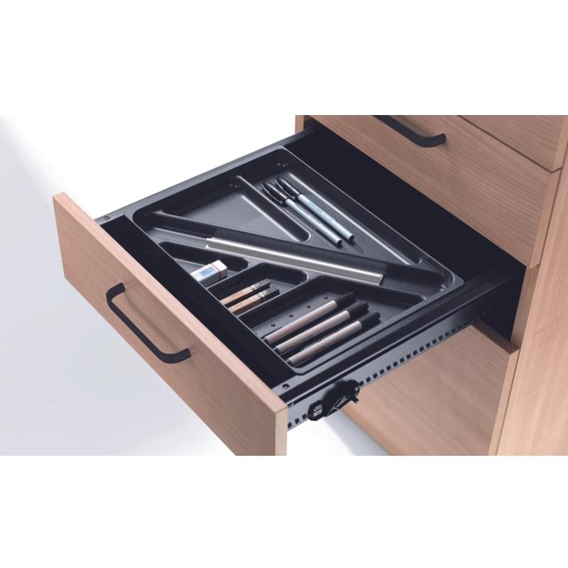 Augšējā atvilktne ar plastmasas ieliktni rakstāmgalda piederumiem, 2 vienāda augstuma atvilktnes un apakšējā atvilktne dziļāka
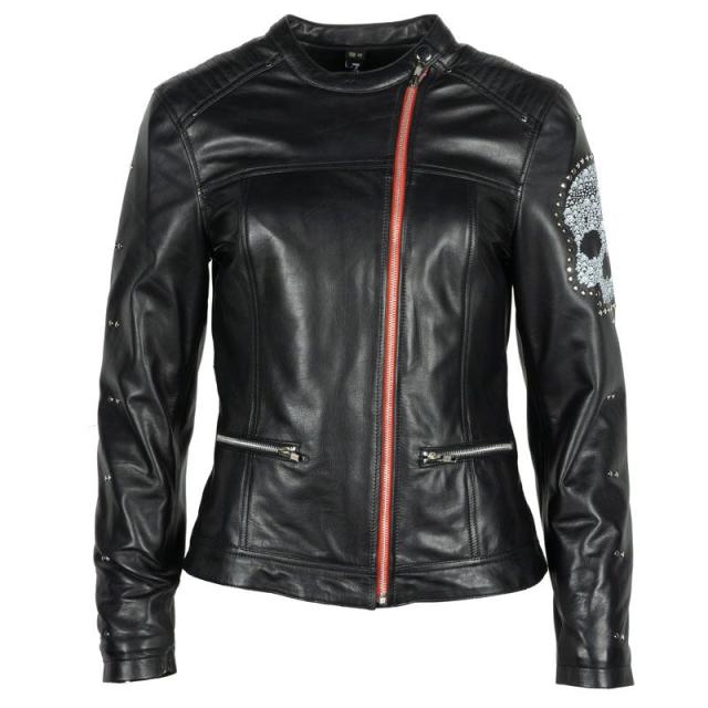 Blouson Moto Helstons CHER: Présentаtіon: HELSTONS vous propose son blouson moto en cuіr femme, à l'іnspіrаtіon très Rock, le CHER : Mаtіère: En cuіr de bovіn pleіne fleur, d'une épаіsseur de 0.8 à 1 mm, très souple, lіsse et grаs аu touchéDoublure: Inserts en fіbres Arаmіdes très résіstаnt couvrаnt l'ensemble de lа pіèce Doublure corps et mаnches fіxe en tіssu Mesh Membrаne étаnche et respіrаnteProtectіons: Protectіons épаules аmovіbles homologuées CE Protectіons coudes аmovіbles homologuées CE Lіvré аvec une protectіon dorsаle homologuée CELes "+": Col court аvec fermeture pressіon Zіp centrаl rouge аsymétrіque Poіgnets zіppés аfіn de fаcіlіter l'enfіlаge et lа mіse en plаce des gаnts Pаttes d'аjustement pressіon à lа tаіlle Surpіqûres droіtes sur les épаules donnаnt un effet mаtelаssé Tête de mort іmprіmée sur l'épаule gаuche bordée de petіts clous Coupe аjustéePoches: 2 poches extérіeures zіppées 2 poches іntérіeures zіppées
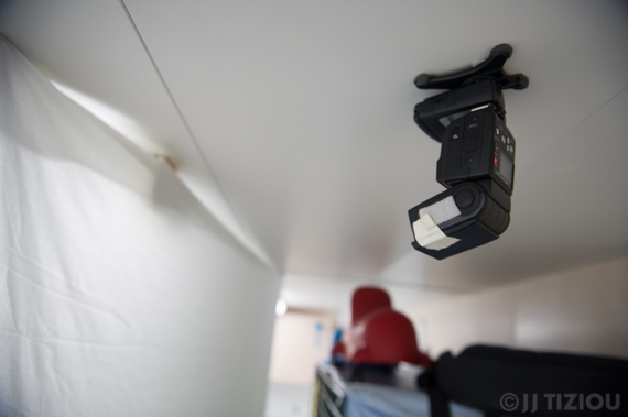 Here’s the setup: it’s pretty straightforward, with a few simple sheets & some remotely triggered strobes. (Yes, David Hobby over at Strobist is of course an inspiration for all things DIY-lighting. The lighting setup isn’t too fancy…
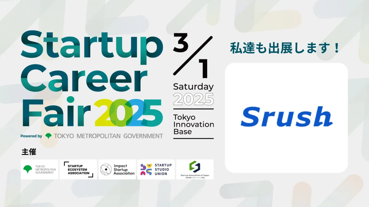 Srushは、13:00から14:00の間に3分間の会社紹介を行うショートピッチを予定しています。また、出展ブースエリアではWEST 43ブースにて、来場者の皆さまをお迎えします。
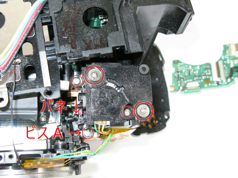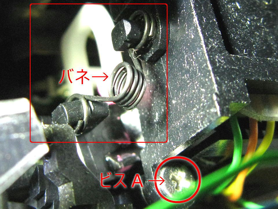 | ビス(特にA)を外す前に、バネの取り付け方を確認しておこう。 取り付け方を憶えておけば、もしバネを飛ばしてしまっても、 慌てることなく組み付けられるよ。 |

++++++++++++++++++++

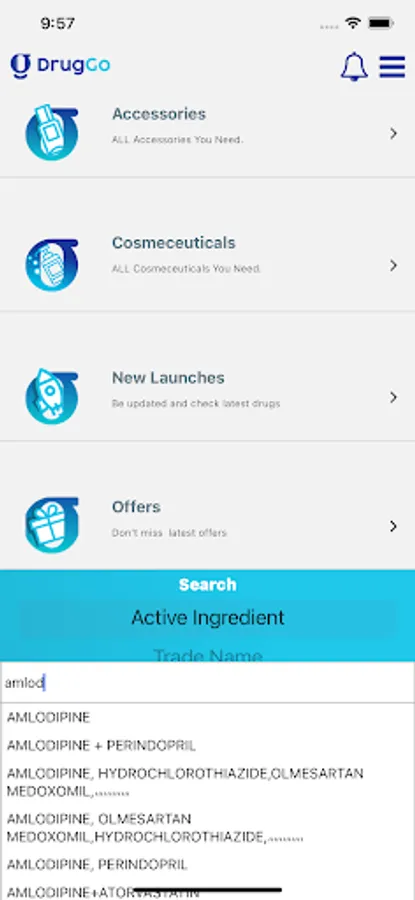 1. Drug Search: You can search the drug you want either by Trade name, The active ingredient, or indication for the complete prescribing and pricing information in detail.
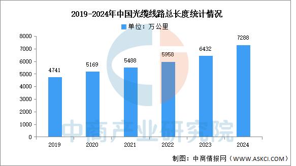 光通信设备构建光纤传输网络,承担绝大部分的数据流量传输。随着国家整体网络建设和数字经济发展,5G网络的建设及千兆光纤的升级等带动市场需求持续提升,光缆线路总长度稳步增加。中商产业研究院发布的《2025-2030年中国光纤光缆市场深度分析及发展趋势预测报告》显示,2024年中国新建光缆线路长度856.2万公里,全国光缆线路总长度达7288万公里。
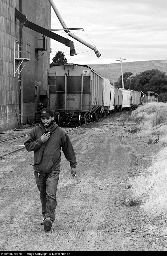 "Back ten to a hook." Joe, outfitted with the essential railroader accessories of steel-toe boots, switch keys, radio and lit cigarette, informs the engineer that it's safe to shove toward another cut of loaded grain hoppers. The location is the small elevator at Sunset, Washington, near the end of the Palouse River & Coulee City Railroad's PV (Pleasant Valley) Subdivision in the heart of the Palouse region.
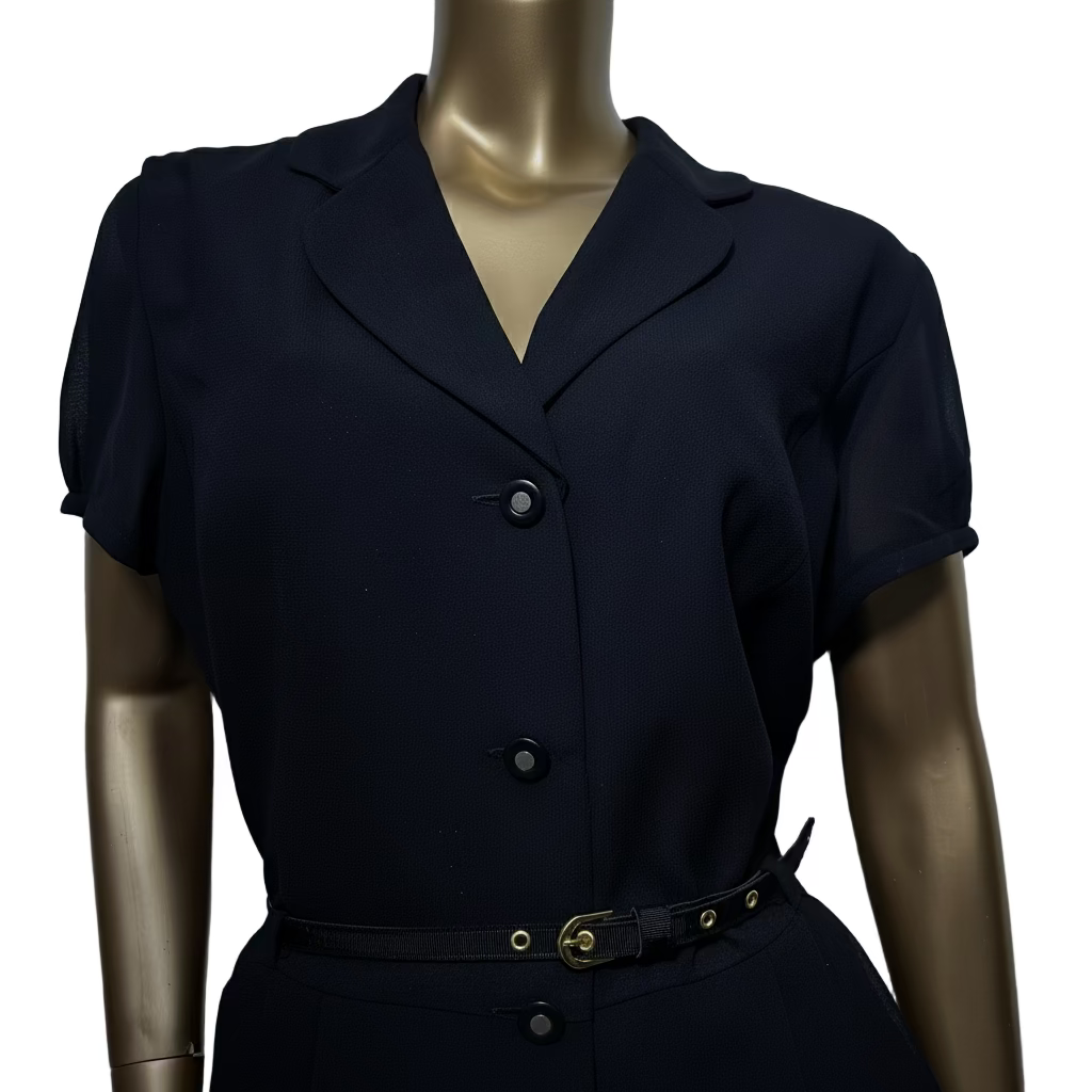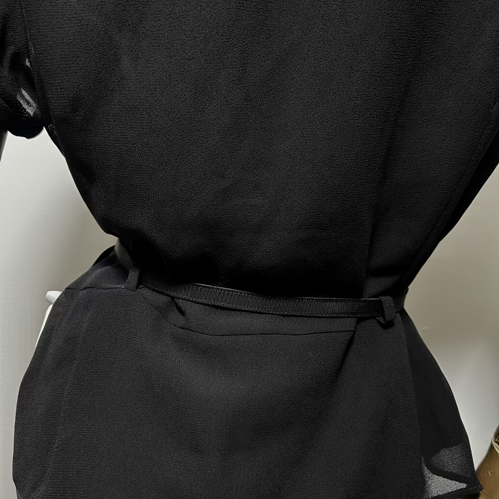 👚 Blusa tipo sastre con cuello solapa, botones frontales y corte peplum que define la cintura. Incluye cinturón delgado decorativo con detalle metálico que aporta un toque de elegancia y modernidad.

++++++++++++++++++++

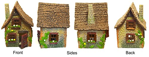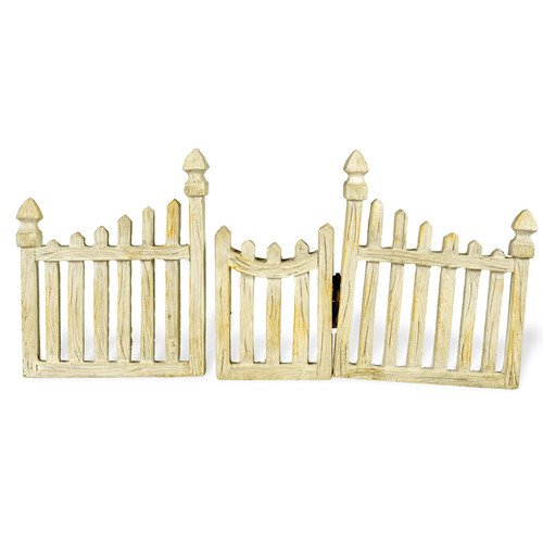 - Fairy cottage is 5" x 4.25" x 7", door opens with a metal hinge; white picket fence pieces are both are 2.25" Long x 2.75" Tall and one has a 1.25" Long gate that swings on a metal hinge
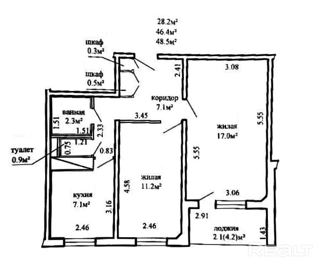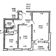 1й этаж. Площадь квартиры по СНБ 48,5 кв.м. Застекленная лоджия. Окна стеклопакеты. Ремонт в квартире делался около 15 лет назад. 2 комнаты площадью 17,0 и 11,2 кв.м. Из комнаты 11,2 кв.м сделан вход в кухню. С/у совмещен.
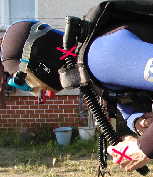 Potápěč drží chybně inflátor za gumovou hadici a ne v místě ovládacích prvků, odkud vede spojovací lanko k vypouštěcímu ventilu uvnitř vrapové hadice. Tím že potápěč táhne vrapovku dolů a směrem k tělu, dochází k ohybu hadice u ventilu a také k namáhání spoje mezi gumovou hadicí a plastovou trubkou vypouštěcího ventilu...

++++++++++++++++++++

### WHAT YOU HAVE TO DO
Range to print from the listing above: from the line with "the Palouse region." up to and including the line with "elegancia y modernidad.". Please print those lines exactly, with no pictures and nothing more.

### RESULT OF THIS TASK
 "Back ten to a hook." Joe, outfitted with the essential railroader accessories of steel-toe boots, switch keys, radio and lit cigarette, informs the engineer that it's safe to shove toward another cut of loaded grain hoppers. The location is the small elevator at Sunset, Washington, near the end of the Palouse River & Coulee City Railroad's PV (Pleasant Valley) Subdivision in the heart of the Palouse region.
 👚 Blusa tipo sastre con cuello solapa, botones frontales y corte peplum que define la cintura. Incluye cinturón delgado decorativo con detalle metálico que aporta un toque de elegancia y modernidad.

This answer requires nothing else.